IGN editor Eric Goldman wrote, "A few fun 3D-aided jump-scares aside, Texas Chainsaw 3D is a generic and laughable attempt to follow the original." Alonso Duralde of The Wrap said "Texas Chainsaw 3D is a dreary slog through the dreadfully familiar." In a one star review for Empire Magazine, Kim Newman wrote that the film "trips like a heroine with a sprained ankle over dumb plot twists, poor performances and inept would-be suspense scenes." Frank Scheck, reviewing for The Hollywood Reporter, wrote "there isn't much to recommend this installment whose main point of originality is omitting the word "Massacre" from the title." Vulture critic Bilge Ebiri criticized the film as "workmanlike" and "generic", but called the climax "a bit more interesting and unpredictable than the usual horror-movie".
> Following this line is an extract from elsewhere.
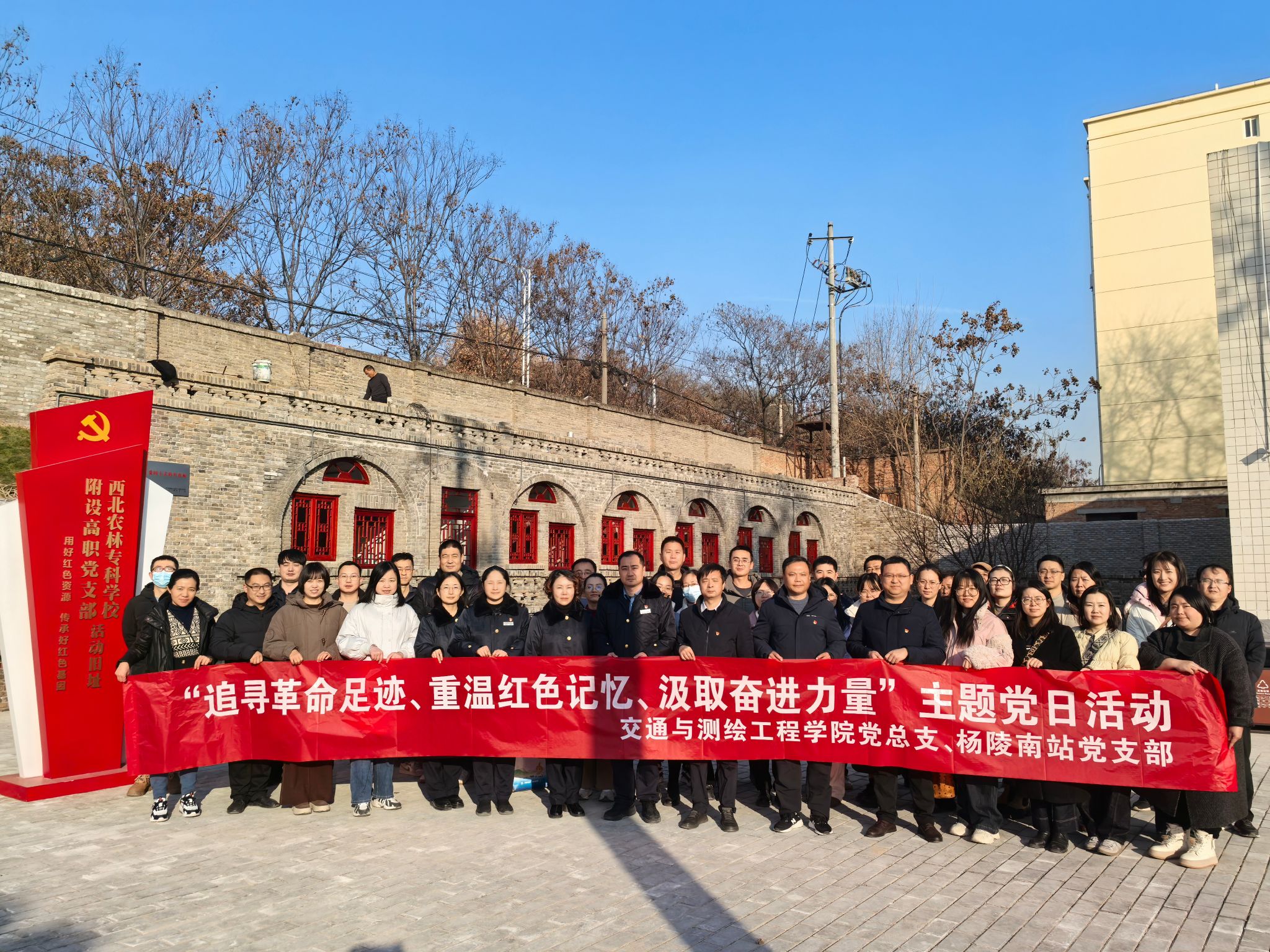 为传承红色基因和革命精神,加强党员党性修养,12月16日下午,交通与测绘工程学院党总支联合杨陵南站党支部,组织40余名党员到我校西北农林专科学校附设高职党支部活动旧址开展“追寻革命足迹、重温红色记忆、汲取奋进力量”主题党日活动。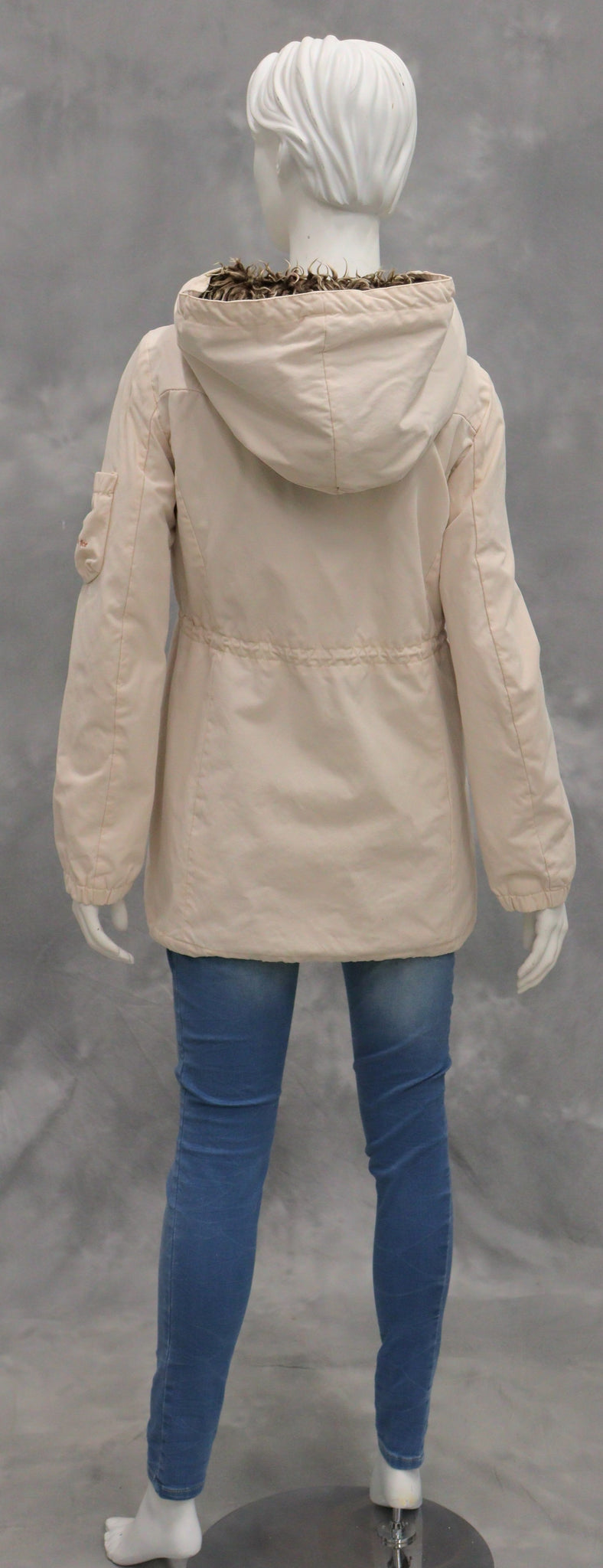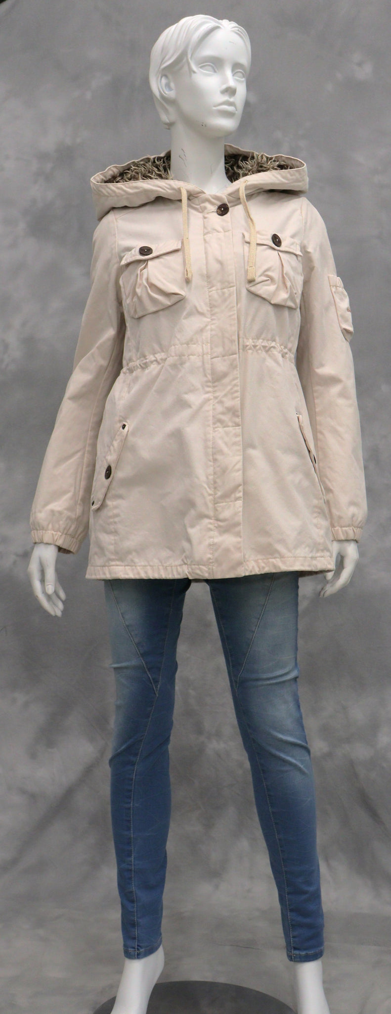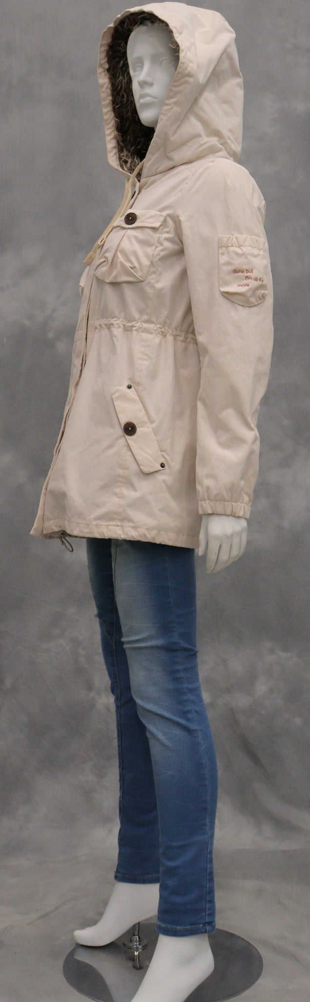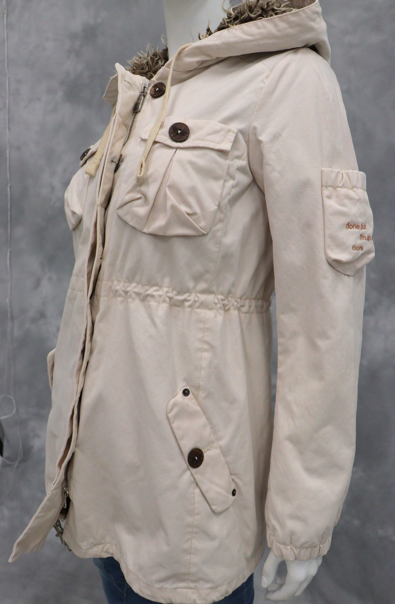 Muuta huomioitavaa: Tuplavetoketju- ja piilonappikiinnitys. Helmakiristys. Edessä rinta- ja vyötärötaskut läppäkiinnityksillä. Lämmin teddykarvavuori hupussa ja selässä. Hihoissa polyesterivuori. Povitasku sisäpuolella (pinkin rusetin kohdalla). Hihatasku tekstillä "Done but I'm up for more".

For Variety, Joe Leydon labeled the film as a "better-than-average horror-thriller that relies more on potent suspense than graphic savagery or stereoscopic tricks." Writing for Screen Crush, Jordan Hoffman said "It is every 16 year-old's rite of passage to sneak into an R-rated slasher, get grossed out by blood, turned on by boobs and shout back at the screen. To that end, Texas Chainsaw 3D is a worthy claimant to the franchise."

==Prequel==

Producer Carl Mazzocone and executive producers Mark Burg and Oren Koules obtained the rights to make seven Texas Chainsaw Massacre films, including Texas Chainsaw 3D. Alexandra Daddario, Scott Eastwood, and Thom Barry were signed on for sequels. Under the working title Texas Chainsaw 4, Burg, Mazzocone, and John Luessenhop were shepherding a screenplay. By 2014, the producers' option on the series was close to expiring, leading to the studio hiring Scott Milam to pen the script, based on an outline by Mazzocone.

Millennium Films producer Avi Lerner rejected Milam's draft for being too expensive, and opted for a prequel, simply titled Leatherface, scripted by Seth M. Sherwood and directed by Julien Maury and Alexandre Bustillo. The film, which featured no returning actors from Texas Chainsaw 3D, released on October 20, 2017.